Japan Geoscience Union Meeting 2023

Presentation information

[E] Oral

S (Solid Earth Sciences ) » S-EM Earth's Electromagnetism

[S-EM14] Electric, magnetic and electromagnetic survey technologies and scientific achievements

Tue. May 23, 2023 3:30 PM - 4:45 PM 103 (International Conference Hall, Makuhari Messe)

convener:Kiyoshi Baba(Earthquake Research Institute, The University of Tokyo), Tada-nori Goto(Graduate School of Science, University of Hyogo), Yuguo Li(Ocean University of China), Wiebke Heise(GNS Science, PO Box 30368, Lower Hutt, New Zealand), Chairperson:Yuguo Li(Ocean University of China), Keiichi Ishizu(University of Hyogo)

3:30 PM - 3:45 PM

[SEM14-06] Probabilistic inversion of magnetotelluric data and uncertainty quantification

★Invited Papers

*Ronghua Peng1, Xiangyun Hu1 (1.China University of Geosciences, Wuhan)

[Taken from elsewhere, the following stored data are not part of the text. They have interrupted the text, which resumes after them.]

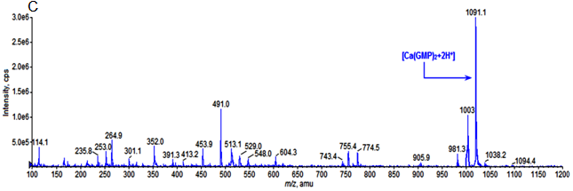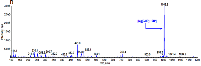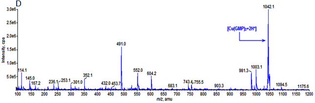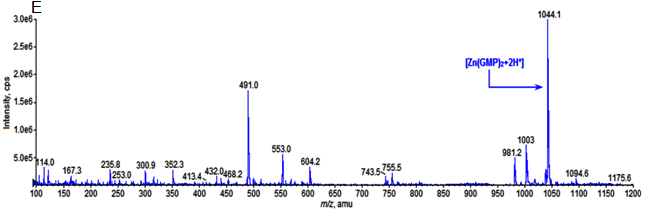Standard solutions of GMP and metal ions (2 × 10-4 M each) were prepared in methanol and mixed in 1:1, 1:2, 1:3 and 1:4 (M: GMP) stoichiometry ratio respectively. Aliquots of 10 µl were then injected into the LC-MS system and the mass spectra were recorded from m/z 100-1200.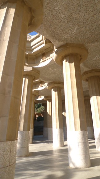 The grand stairway leads to what Gaudi considered a forest of Doric columns. This grouping is one of the few truly classical architectural element arrangement that Gaudi ever did. This was based upon the Temple to Apollo at Delphi in Ancient Greece. The forest of eighty-six columns was to be the market area for the residents of Guell's visionary development project. Located at the second level of the park, Gaudi slanted the outer ring of columns. This was a technique done by Greek architects. Gaudi exaggerated this slant to strengthen the structure and to give it more visual vitality.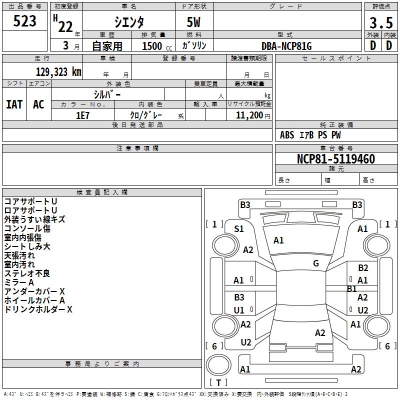 TOYOTA SIENTA - лот 523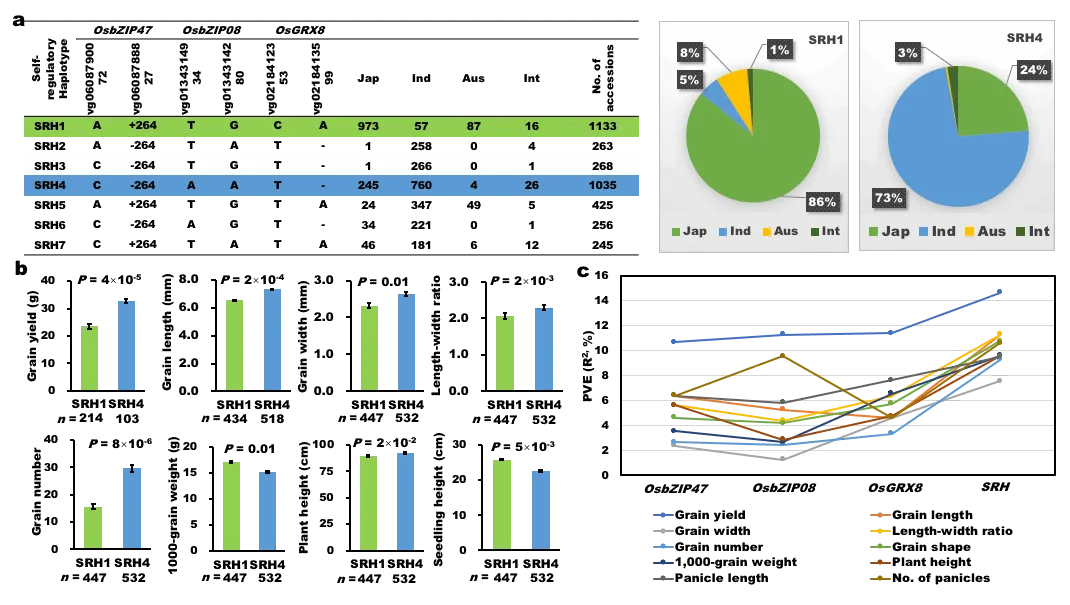 研究首次提出“自我调控单倍型”(SRHs)概念,即多个在功能上相互调控的基因,其功能变异在自然群体中以特定组合形式被共同选择和遗传而形成的单倍型组合(图3a)。由OsGRX8-(OsbZIP47)-OsbZIP08-OsGRX8负反馈环形成的自我调控单倍型(SRHs),不仅具有鲜明的地理分布与籼粳分化特征,且对籽粒性状(粒长、粒宽)和产量性状的协同遗传贡献率,显著高于单个基因的贡献(图3)。

Keywords:Magnetotelluric, Probabilistic inversion, Uncertainty quantification, Transdimensional MCMC, Hamiltonian Monte Carlo

The magnetotelluric (MT) method is a well-established tool for imaging the resistivity structures from the surface down to hundreds of kilometers, which provides important constraints on Earth’s internal properties and geodynamic process. The inversion is routinely performed to quantitatively extract information about electrical conductivity distributions of the subsurface from measured MT data. However, the MT inversion is characterized by inherent nonuniqueness due to noisy observations and incomplete data coverage, which means that there are many different equivalent models that explain the observed data adequately well, thus resulting in significant uncertainty in the derived model parameters. Therefore, a quantitative uncertainty analysis is essentially indispensable for reliable interpretation of MT data. Gradient-based deterministic inversion approaches are commonly used and computationally efficient, but they usually produce only one single preferred model that fits the observed data under predefined model regularization without sufficient information to accurately quantify the model uncertainty.

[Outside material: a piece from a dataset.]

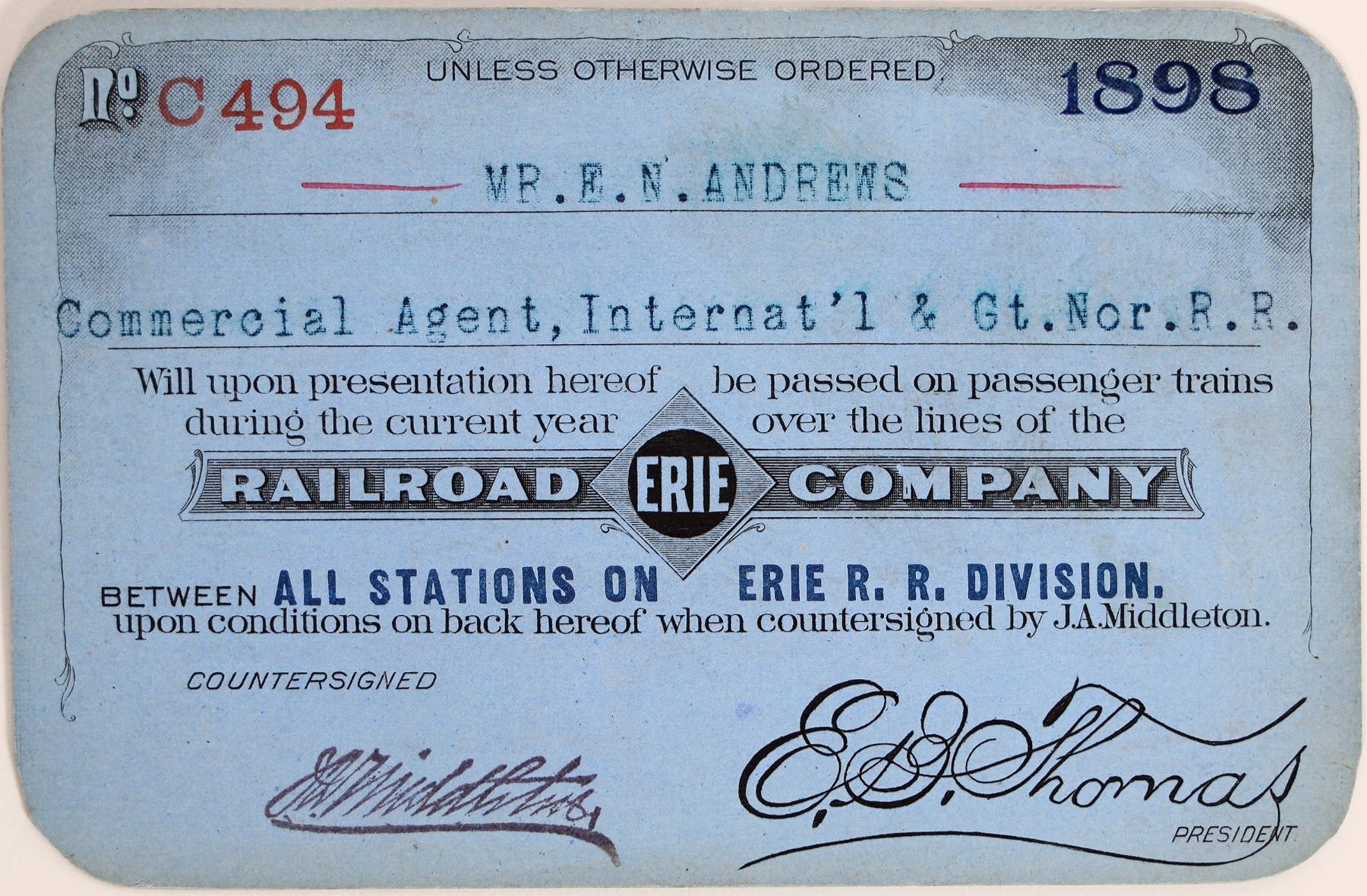 1898 Erie Railroad Company pass, printed signature of E ? Thomas president.

In this study, we have developed a Bayesian inversion framework for probabilistic inversion of 2D MT data. By postulating the inverse problem into a sampling-based Bayesian inference framework, we can rigorously estimate model uncertainty associated with the inverted model parameters using a large ensemble of models sampled from the posterior distribution of model parameters. Here, we present two Bayesian algorithms: the transdimensional Markov chain Monte Carlo (MCMC) and Hamiltonian Monte Carlo (HMC) methods for inverting MT data. The transdimensional MCMC uses a flexible parameterization where the electrical resistivity model is partitioned by a variable number of Voronoi cells, thus the level of model complexity will be automatically determined and adapted to the spatial resolution of the observed data during the inversion. However, it surfers from the slow convergence of the Markov chains, especially in high dimensional model space. In contrast, the HMC method can efficiently explore the model space and produce samples with much higher acceptance probabilities than MCMC by making use of gradient information of the posterior distribution, but the model parameterization is kept fixed during the HMC inversion. We demonstrate and compare the performance of these two algorithms with synthetic and field MT datasets, and discuss their main benefits and drawbacks. In addition, we explore some useful techniques such as parallel tempering and surrogate modeling to accelerate the convergence of the Markov chains and alleviate the computational burden, making the probabilistic inversions more tractable for practical MT applications.